Evolutionary Design in Materials Science and Biological Physics

Professor Michael Deem
Rice University

Date: Thursday, Janaury 12, 2006
Time: 4:00 p.m.
Place: Engineering II, Room 3361

ABSTRACT

I will discuss creation of a hypothetical zeolite database. Each of the 230 space groups is examined for hypothetical structures consistent with potentials of mean force. Unit cell parameters are varied within typical values (a, b, c, alpha, beta, gamma) as are unit cell densities. To date, more than 1 million hypothetical structures have been produced. Properties of the hypothetical structures, and how they relate to known zeolites, will be discussed. An obstacle to synthesizing new zeolites structures is control of the nucleation event. Using an atomic-scale model for silicate solutions, the nucleation process during zeolite synthesis in the absence of a structure directing agent is investigated. The barriers to nucleation is estimated to be on the order of 100 kT, and the critical cluster size is estimated to be between 25 and 50 silicons. Structural analysis shows the results reproduce physical properties of condensed phases of silica, such as the distance distribution and topological features. The smooth distribution of ring sizes suggests the cluster is amorphous up to 200 silicons. That is, the lowest free energy structure is a function of the particle size.

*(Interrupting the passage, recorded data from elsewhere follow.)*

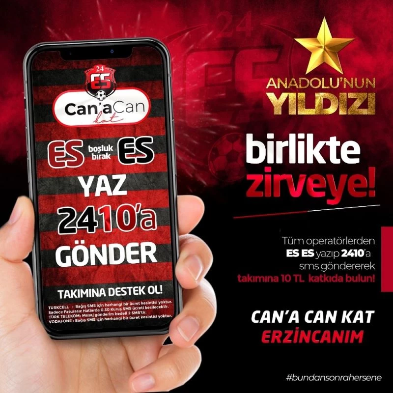 Çalışmalarla ilgili olarak bilgi veren 24Erzincanspor Kulüp Başkanı Gökhan Keleş, “2. Ligin yeni takımı olarak şehrimizin ve taraftarlarımızın beklentisine en iyi cevabı verecek şekilde öncelikli olarak transfer çalışmalarımızı yaptık. 24Erzincanspor’da hedef daima bir üst ligdir. Bizler takıma gelir sağlayacak çalışmalar yapmak adına yönetim kurulu olarak SMS kampanyası başlattık. Başlattığımız ‘Can’a’ Can Kat’ SMS projemiz ile tüm Erzincan ve 24Erzincanspor sevdalılarımızı kampanyamıza destek olmaya davet ediyoruz. ES boşluk bırakıp ES yazıp 2410’a göndererek her SMS karşılığı 10 TL destek olabilirsiniz” dedi.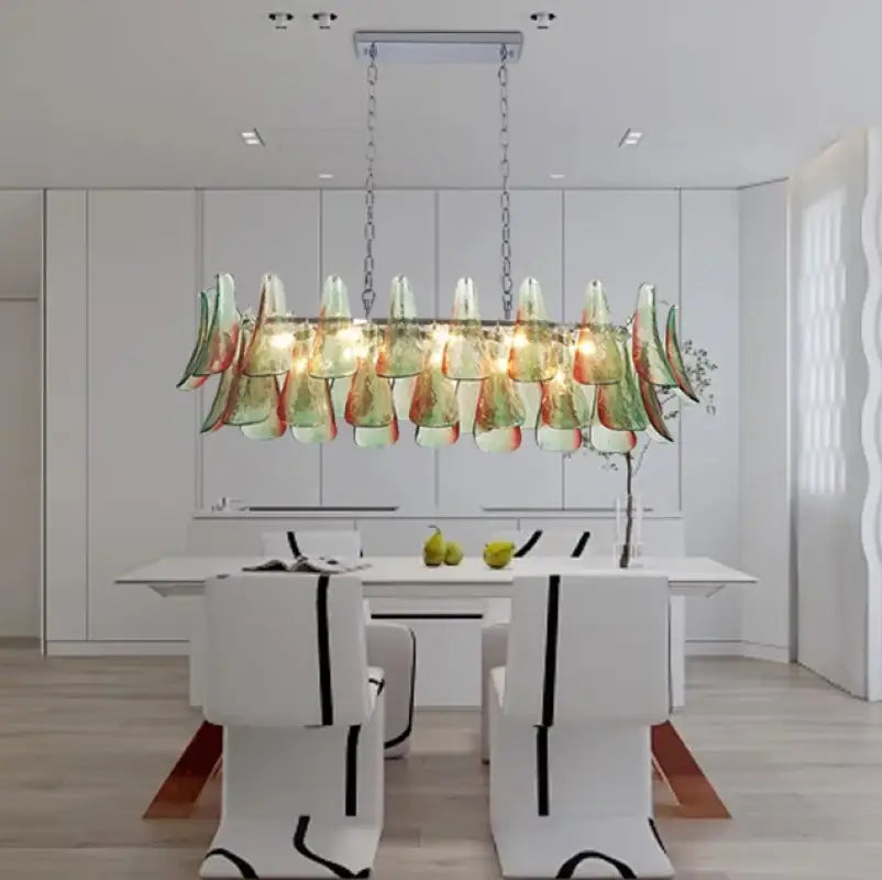 Suspension En Verre Soufflé Coloré Style Moderne Élégant incarne une lumière qui raconte une histoire, celle d’un intérieur sublimé par la beauté du verre et la magie des couleurs.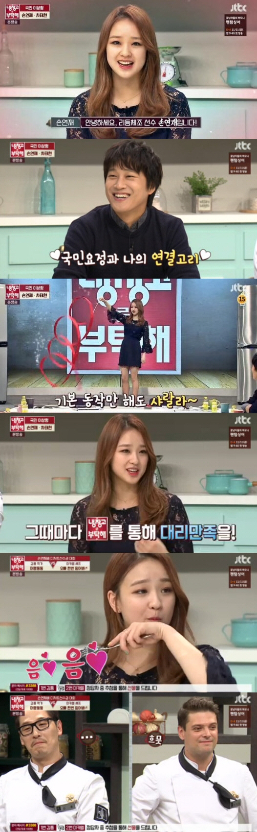 JTBC'냉장고를 부탁해' 104회에서는 손연재 등장에 환호하는 MC와 세프들의 모습이 유쾌하게 그려졌다. 특히 김성주는 손연재가 리우올림픽 5대 미녀에 뽑힌 사실을 언급했는데, 이에 안정환은 지금은 배가 나왔지만 2002년 자신도 베컴을 제치고 데이트 하고 싶은 스타 1위로 뽑혔었다고 말해 시청자들의 웃음을 자아냈다. narusi@sportschosun.com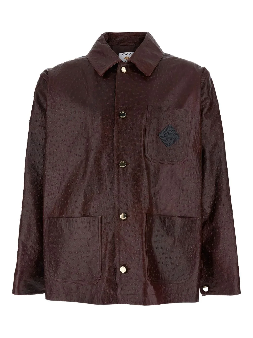 embossed patch jacket Highlights - Brown - Embossed - Button fastening - Chest patch pocket - Front patch pockets - Classic collar Imported Composition Calf Leather 100% Washing instructions Read Manufacturer Guidelines
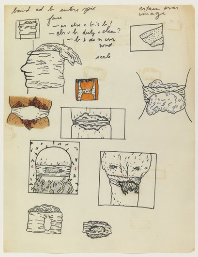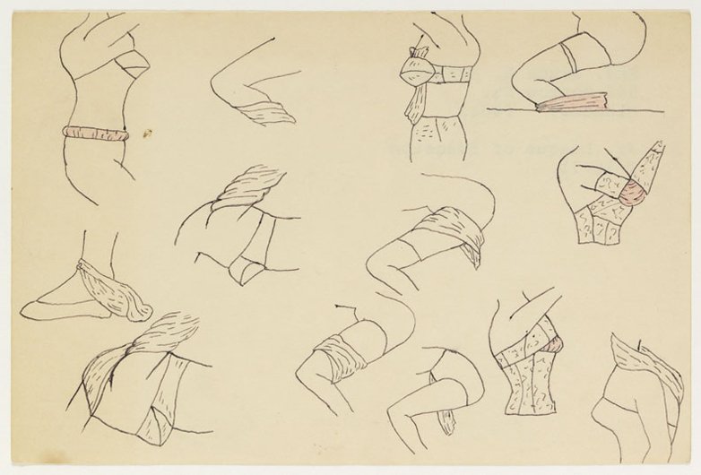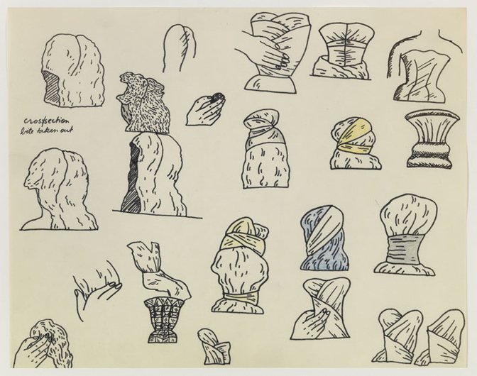 Untitled (wrapped torsos) c. 1967 felt-tip pen on paper 8 x 10 inches; framed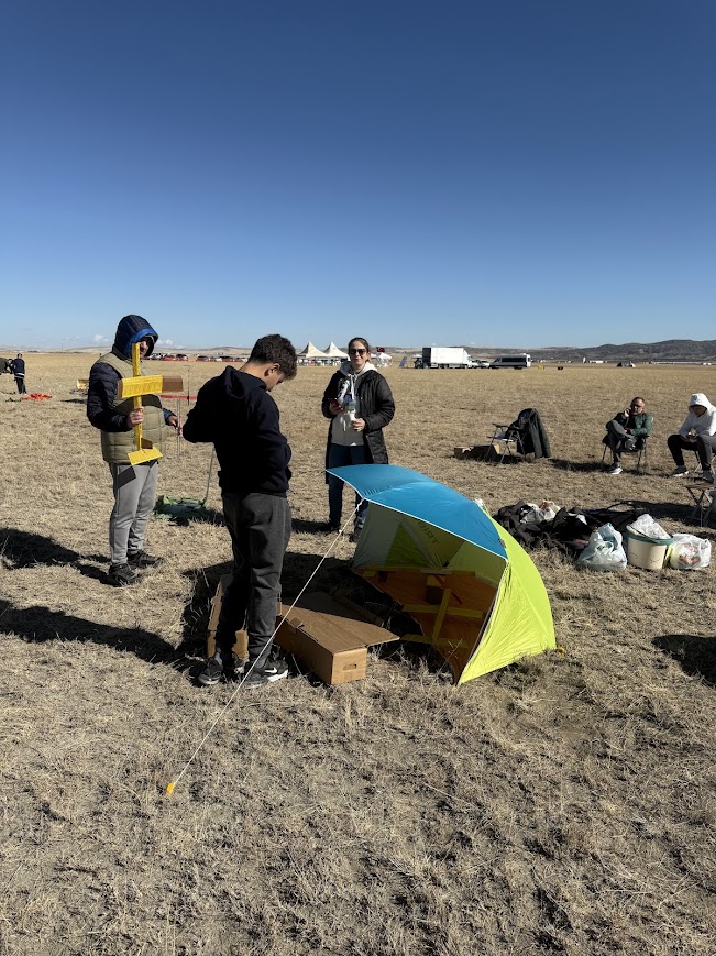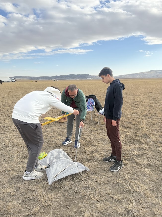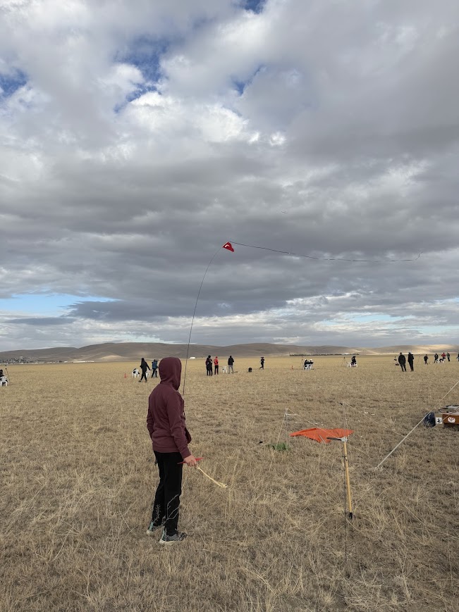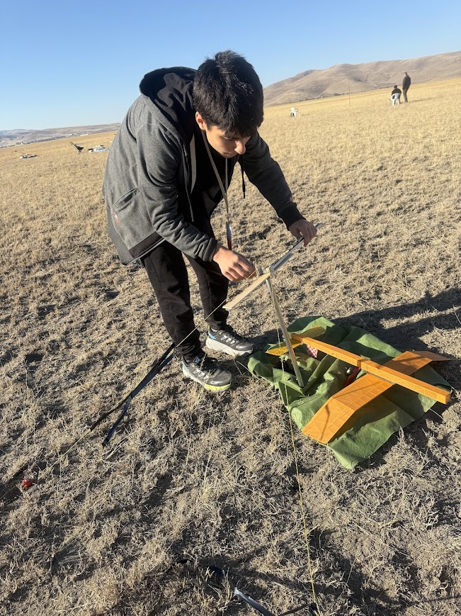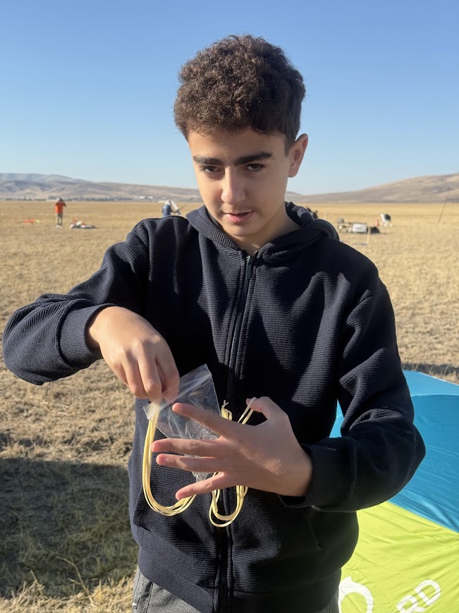 Irmak Peri, a 7th grader, tells us her model was swept away by the wind that morning. After searching the plain for a long time, she finally found it.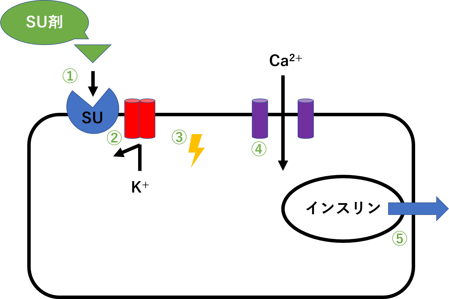 β細胞にあるSU受容体に結合します。SU受容体にくっつくと、K+チャネルを閉じ、脱分極が起こります。脱分極が起こるとCa2+チャネルを開き、細胞内のCa2+濃度が高まります。Ca2+の濃度が高まると、インスリンの分泌を促します。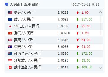 1月11日消息,早間外匯交易中心發布公告,人民幣(6.9179, 0.0000, 0.00%)匯率中間價報6.9235,較前一交易日小幅貶值1個基點。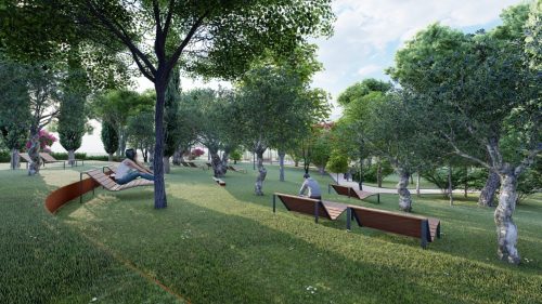 Rekonstrukcija i dopuna postojeće parkovske površine obuhvataće ozelenjavanje i dopunu sadržaja. U centalnom dijelu ovog parka biće izgrađen ljetnjikovac odnosno nadrstešnica modernog dizajna namijena za jogu i miran odmor. Prostor za sjedenje biće izgrađen na podlozi od dekinga, dok će nove pješačke staze biti nasute rizlom. Kako se radi o terenu koji je većim dijelom pod nagibom, biće izvršeno njegovo terasiranje, a prostor će biti ozelenjen gustim sklopom maslina i čempresa.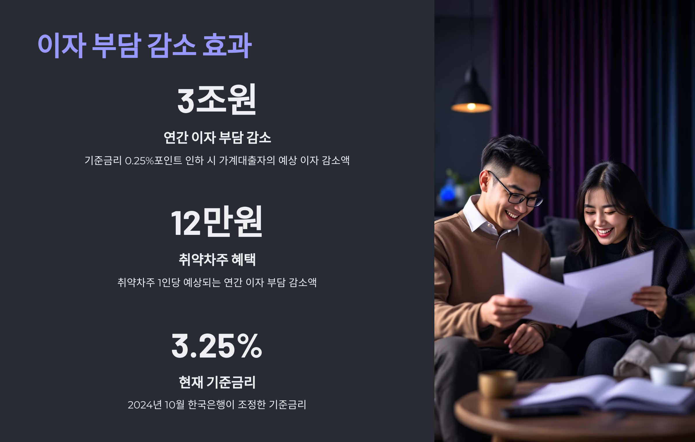 대출 금리가 인하되면 가계와 기업의 이자 부담이 줄어들게 됩니다. 한국은행에 따르면, 기준금리가 0.25%포인트 인하될 경우 가계대출자의 연간 이자 부담이 약 3조 원 감소할 것으로 추정됩니다. 이는 고소득자, 중소득자, 저소득자 모두에게 긍정적인 영향을 미치며, 특히 취약차주의 경우 1인당 약 12만 원의 이자 부담이 줄어들 것으로 예상됩니다. :contentReference[oaicite:1]{index=1}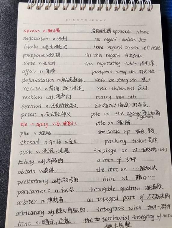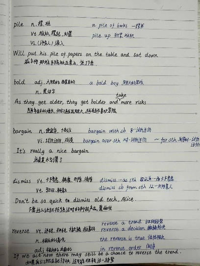 打卡的笔记中,有的同学用清晰字迹梳理单词词性与搭配,有的同学在例句旁标注核心用法,还有同学用符号区分新学与复习词汇,条理分明的页面成为21天坚持的生动缩影。
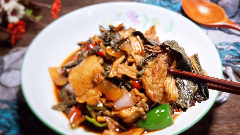 - 梅干菜本是带咸味的,放盐的时候尽量少一点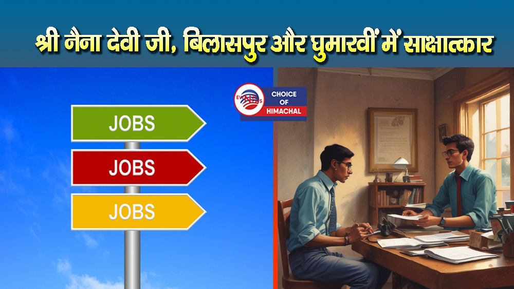 इन पदों के लिए 16 जनवरी को श्री नैना देवी जी में, 19 जनवरी को जिला रोजगार कार्यालय बिलासपुर में तथा 27 जनवरी को उप-रोजगार कार्यालय घुमारवीं में प्रातः 11 बजे से कैंपस इंटरव्यू का आयोजन किया जाएगा।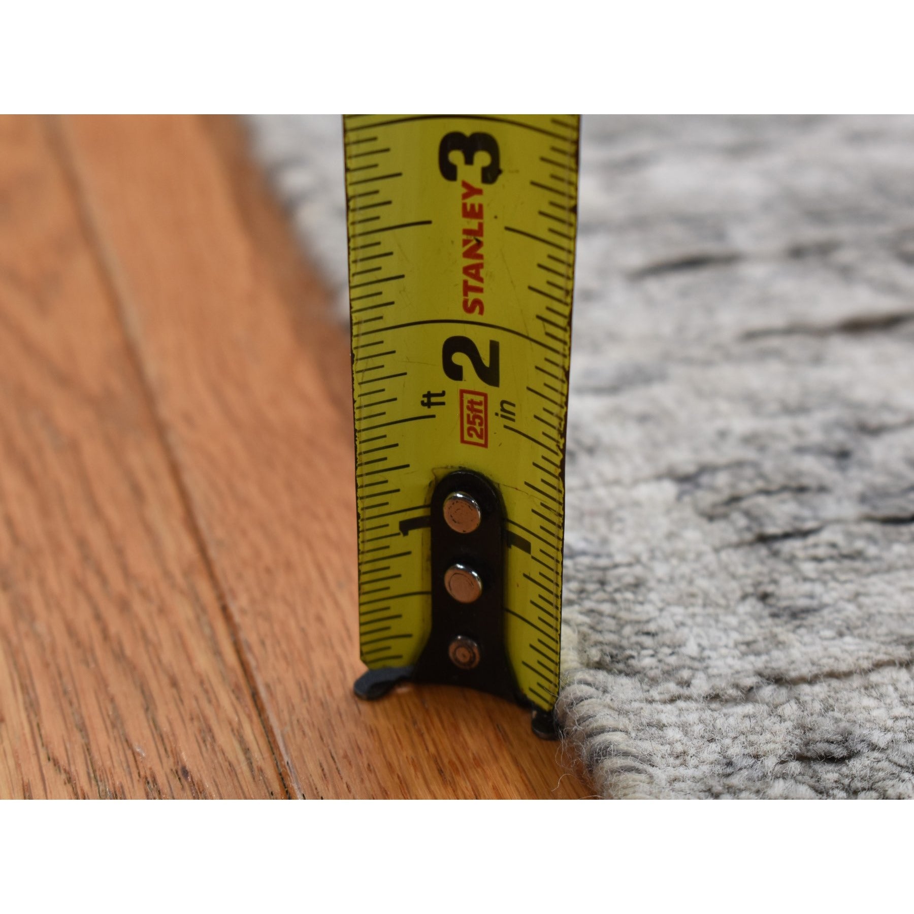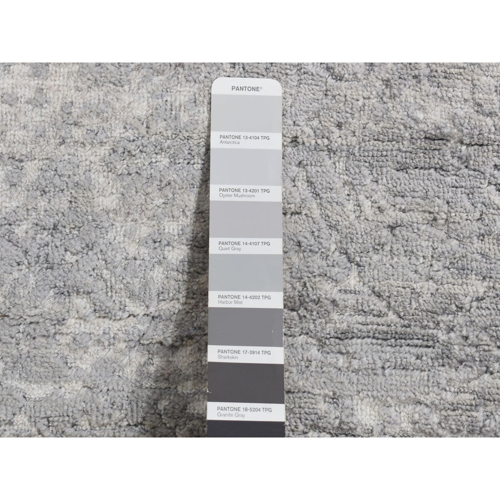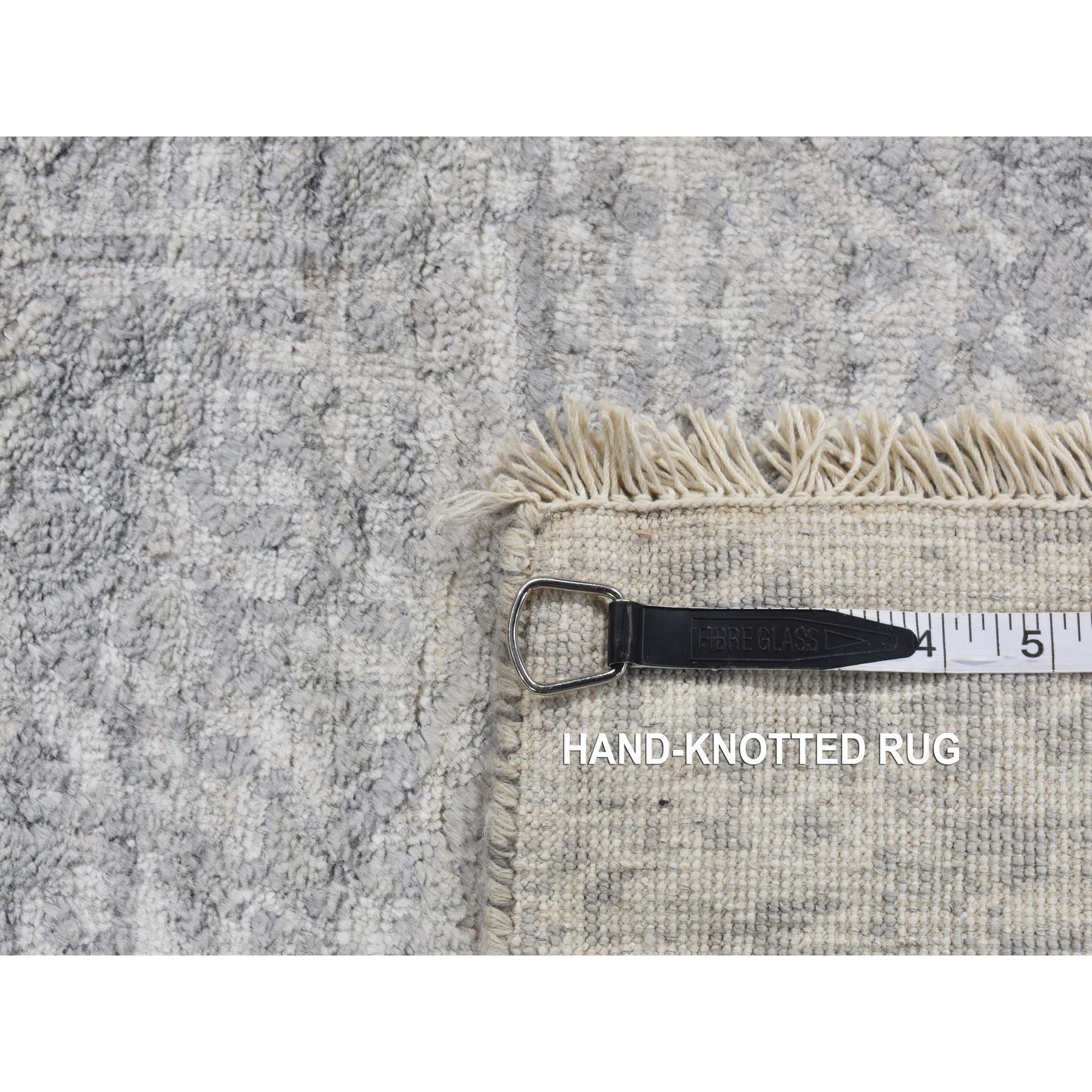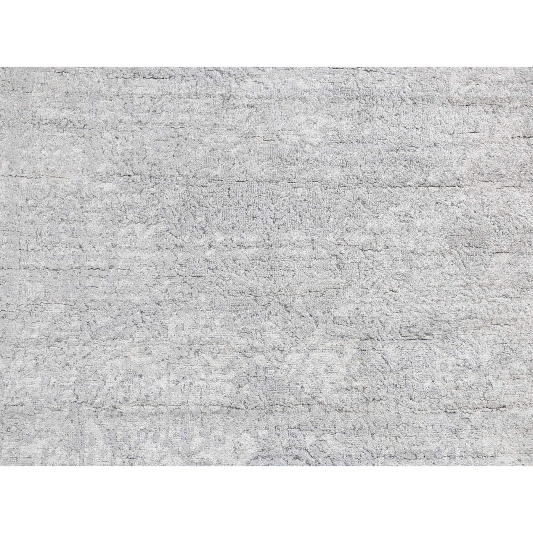 4'x9'8" Coin Gray, Broken And Erased Persian Design, Wide Runner, Wool And Silk, Hand Knotted Oriental Rug FWR526074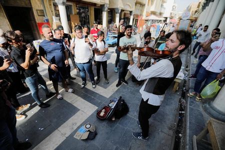 BAGHDAD (Reuters) – With a violin on his back and maps in his bag, Dan Hodd left Spain a month ago and was cycling through busy Baghdad as he heads to the COP27 climate talks in Egypt that he firmly intends to reach without flying.

Concomitant with the evolution of biological diversity must have been the evolution of mechanisms that facilitate evolution, due to the essentially infinite complexity of protein sequence space. I will describe how evolvability can be an object of Darwinian selection, emphasizing the collective nature of the process. I will discuss computer simulations of protein evolution that quantify this theory. These simulations demonstrate that rapid or dramatic environmental change leads to selection for greater evolvability. The selective pressure for large scale genetic moves, such as DNA exchange, becomes increasingly strong as the environmental conditions become more uncertain. These results demonstrate that evolvability is a selectable trait and allow for the explanation of a large body of experimental results. Many observations within evolutionary biology, heretofore considered evolutionary happenstance or accidents, are explained by selection for evolvability. As specific examples, I discuss evolution within the immune system and evolution of drug resistant microorganisms. How therapeutics confer selective pressure on the evolvability of pathogens, and how this driving force to antigenic drift should be considered in drug and vaccine design efforts will be discussed. I will also discuss experiments that could complement the theory.